Okay, you'll say, but the internet has democratised access to information. Well yes, and therein lies the problem. Celebrities and politicians have a habit of dying and resurrecting on wiki sites, like latter-day Dr Whos. Conspiracies abound on the net, fracturing the issues into opposing camps, without any resolution. Information is there in abundance but the facts may be hard to come by. According to the net, not only is Elvis alive, but he's still available for bookings.

Internet dating sites can be a licence to write fiction, but it's real people who can get hurt. The sense of immediacy can beguile people into mistaking it for intimacy. Of course you have so much in common, you optioned the same choices from the pull-down menu and selected one another on the basis of shared interests!

And for freelancers, there are other minuses. The information superhighway generates its own special kind of road-rage for us.
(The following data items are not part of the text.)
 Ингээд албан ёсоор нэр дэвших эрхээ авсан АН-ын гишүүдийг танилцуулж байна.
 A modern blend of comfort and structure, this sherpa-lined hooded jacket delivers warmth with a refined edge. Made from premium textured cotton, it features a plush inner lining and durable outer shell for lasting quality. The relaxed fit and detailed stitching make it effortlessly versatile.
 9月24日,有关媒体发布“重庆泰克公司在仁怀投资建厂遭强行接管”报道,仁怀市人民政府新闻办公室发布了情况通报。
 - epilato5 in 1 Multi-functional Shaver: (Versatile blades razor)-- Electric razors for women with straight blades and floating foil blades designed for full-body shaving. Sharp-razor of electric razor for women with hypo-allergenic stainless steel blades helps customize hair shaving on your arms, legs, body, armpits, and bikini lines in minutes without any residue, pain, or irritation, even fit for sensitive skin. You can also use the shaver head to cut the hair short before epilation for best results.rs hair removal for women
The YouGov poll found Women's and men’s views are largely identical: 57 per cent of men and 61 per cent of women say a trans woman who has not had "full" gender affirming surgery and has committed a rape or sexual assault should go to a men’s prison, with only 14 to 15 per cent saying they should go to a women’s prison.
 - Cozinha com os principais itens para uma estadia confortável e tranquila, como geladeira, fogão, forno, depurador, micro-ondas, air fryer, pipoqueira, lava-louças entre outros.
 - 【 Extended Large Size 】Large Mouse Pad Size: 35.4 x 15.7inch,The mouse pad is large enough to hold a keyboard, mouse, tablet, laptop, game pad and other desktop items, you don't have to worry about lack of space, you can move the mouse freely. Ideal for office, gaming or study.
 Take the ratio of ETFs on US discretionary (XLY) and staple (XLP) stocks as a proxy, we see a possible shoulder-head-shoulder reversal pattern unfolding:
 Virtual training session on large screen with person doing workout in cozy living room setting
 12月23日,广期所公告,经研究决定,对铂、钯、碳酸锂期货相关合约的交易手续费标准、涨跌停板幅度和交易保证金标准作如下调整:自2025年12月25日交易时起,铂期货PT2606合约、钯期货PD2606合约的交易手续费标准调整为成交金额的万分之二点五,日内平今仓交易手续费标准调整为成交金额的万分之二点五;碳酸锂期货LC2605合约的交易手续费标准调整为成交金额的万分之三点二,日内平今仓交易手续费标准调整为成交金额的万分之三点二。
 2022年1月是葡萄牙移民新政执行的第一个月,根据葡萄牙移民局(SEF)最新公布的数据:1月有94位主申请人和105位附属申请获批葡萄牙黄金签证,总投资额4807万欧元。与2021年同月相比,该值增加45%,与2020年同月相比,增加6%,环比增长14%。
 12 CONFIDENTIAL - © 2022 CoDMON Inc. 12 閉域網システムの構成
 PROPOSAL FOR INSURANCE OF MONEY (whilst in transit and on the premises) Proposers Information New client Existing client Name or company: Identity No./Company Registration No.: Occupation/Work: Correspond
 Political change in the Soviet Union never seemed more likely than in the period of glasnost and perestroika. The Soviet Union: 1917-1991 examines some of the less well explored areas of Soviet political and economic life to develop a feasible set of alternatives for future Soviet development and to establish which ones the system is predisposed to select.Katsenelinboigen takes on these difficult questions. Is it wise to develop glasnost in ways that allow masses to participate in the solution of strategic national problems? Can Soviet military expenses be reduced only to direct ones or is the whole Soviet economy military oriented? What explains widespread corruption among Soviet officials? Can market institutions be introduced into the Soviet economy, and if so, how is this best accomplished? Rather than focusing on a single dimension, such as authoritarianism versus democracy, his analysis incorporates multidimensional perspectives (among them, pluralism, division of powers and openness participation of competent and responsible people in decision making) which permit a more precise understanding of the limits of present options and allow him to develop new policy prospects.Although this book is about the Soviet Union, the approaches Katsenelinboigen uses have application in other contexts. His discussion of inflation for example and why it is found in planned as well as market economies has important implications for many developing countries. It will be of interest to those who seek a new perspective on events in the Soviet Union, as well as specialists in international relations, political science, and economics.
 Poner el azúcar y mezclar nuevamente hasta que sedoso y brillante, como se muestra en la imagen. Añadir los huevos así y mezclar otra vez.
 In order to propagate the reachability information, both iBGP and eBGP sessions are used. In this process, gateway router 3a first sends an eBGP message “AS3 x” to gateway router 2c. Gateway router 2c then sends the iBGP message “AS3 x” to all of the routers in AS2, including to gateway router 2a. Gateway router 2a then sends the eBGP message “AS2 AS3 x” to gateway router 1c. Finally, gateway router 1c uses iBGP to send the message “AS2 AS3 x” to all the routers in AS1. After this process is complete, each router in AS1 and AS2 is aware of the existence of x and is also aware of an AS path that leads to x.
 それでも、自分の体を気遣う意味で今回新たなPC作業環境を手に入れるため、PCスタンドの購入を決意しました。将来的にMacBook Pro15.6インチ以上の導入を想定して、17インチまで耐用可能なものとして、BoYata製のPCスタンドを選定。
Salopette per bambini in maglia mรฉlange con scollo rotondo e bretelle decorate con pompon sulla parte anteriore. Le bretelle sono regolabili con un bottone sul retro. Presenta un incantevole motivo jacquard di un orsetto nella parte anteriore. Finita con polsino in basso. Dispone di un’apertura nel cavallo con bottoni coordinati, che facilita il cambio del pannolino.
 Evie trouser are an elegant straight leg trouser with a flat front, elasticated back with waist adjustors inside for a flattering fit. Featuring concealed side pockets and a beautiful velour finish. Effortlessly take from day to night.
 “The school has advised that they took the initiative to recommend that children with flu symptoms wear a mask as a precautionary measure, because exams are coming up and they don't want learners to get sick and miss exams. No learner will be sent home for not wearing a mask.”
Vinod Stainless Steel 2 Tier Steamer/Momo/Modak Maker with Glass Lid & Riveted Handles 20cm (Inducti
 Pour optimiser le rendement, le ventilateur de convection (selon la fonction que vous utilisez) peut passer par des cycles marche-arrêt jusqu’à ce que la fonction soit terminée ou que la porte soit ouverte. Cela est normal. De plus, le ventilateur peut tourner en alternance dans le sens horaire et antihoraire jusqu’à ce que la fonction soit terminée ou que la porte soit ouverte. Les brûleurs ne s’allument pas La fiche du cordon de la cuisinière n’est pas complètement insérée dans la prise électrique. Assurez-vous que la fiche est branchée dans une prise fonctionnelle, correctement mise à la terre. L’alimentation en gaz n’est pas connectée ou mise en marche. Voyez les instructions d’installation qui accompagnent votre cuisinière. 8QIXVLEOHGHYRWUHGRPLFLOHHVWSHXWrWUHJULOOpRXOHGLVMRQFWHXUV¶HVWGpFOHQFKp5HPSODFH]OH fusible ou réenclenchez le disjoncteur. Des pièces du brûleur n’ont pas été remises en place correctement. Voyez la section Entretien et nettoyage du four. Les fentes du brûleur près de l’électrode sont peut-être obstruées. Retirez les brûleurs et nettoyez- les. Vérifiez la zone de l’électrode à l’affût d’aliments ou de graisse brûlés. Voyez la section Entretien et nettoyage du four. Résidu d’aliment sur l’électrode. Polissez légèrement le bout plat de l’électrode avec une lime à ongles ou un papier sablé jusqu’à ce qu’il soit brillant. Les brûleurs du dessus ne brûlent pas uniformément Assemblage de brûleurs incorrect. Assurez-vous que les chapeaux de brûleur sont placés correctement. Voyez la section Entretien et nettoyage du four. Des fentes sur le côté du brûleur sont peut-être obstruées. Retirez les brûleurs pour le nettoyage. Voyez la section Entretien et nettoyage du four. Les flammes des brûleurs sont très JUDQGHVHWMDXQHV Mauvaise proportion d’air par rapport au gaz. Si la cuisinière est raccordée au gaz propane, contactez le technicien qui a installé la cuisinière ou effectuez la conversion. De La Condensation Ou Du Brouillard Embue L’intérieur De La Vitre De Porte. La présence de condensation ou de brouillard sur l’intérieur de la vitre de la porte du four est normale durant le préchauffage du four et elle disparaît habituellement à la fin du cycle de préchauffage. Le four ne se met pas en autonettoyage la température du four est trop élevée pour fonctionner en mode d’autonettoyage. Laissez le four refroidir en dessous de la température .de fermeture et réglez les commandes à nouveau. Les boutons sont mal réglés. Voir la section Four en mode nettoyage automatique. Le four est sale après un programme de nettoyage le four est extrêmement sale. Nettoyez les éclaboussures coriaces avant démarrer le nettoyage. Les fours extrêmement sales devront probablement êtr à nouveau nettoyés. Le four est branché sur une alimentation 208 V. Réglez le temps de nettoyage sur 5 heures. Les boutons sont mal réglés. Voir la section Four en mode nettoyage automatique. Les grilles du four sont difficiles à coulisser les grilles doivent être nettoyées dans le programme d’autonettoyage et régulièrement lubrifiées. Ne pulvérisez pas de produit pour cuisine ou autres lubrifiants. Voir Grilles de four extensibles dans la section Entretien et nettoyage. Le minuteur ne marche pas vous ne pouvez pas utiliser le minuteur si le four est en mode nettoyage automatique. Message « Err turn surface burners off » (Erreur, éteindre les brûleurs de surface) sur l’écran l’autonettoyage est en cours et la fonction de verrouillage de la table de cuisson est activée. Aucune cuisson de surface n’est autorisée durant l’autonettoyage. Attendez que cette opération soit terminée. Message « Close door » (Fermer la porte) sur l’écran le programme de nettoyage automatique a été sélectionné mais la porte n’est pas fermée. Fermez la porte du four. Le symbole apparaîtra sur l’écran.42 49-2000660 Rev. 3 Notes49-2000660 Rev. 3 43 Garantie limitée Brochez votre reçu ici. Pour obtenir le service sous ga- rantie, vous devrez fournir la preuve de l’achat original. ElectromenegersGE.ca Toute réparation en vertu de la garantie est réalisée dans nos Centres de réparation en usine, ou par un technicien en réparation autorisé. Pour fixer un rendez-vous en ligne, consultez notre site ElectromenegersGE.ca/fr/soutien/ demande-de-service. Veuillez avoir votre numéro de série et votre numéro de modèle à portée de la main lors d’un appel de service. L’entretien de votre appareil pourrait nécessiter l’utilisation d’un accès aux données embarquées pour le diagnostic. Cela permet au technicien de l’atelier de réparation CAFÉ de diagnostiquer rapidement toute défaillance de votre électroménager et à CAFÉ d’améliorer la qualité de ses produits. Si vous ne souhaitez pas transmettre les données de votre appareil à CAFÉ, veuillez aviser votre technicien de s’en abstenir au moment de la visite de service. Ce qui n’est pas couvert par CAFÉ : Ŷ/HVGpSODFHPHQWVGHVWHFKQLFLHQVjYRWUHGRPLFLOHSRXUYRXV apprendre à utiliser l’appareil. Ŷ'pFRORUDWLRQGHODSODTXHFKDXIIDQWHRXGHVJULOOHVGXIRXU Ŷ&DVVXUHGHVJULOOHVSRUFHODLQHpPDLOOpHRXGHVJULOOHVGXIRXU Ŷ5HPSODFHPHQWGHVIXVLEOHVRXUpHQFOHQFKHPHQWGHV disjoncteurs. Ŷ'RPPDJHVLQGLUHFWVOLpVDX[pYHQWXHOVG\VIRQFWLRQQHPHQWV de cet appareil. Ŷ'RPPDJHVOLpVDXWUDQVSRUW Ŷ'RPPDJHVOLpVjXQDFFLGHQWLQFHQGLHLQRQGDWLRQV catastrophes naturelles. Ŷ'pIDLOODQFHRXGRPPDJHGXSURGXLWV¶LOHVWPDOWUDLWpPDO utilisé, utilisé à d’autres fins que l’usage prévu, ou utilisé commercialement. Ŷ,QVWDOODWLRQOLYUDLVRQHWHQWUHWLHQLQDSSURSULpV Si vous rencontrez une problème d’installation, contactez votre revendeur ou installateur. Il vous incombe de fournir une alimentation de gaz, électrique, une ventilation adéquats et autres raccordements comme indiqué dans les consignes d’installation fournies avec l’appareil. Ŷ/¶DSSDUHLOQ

If you sent a letter with an SAE, you might reasonably expect a response within a couple of weeks. But send a pitch email or even an electronic submission and you might end up waiting forever. It's virtual neglect.

Freelancers might be tempted to check out the many project and bid sites, especially the writers. If you do, you might not like what you see. A Walmart mentality is in vogue, with would-be employers posting ads declaring "$1 an article, 10 articles a week required. If you can't work for this amount, don't bother contacting me." And of course, there are people out across the globe, for whom $1 represents a reasonable return.

One thing's for certain, the internet and email are here to stay. Use with caution. They make wonderful servants but terrible masters, and rather ambiguous friends.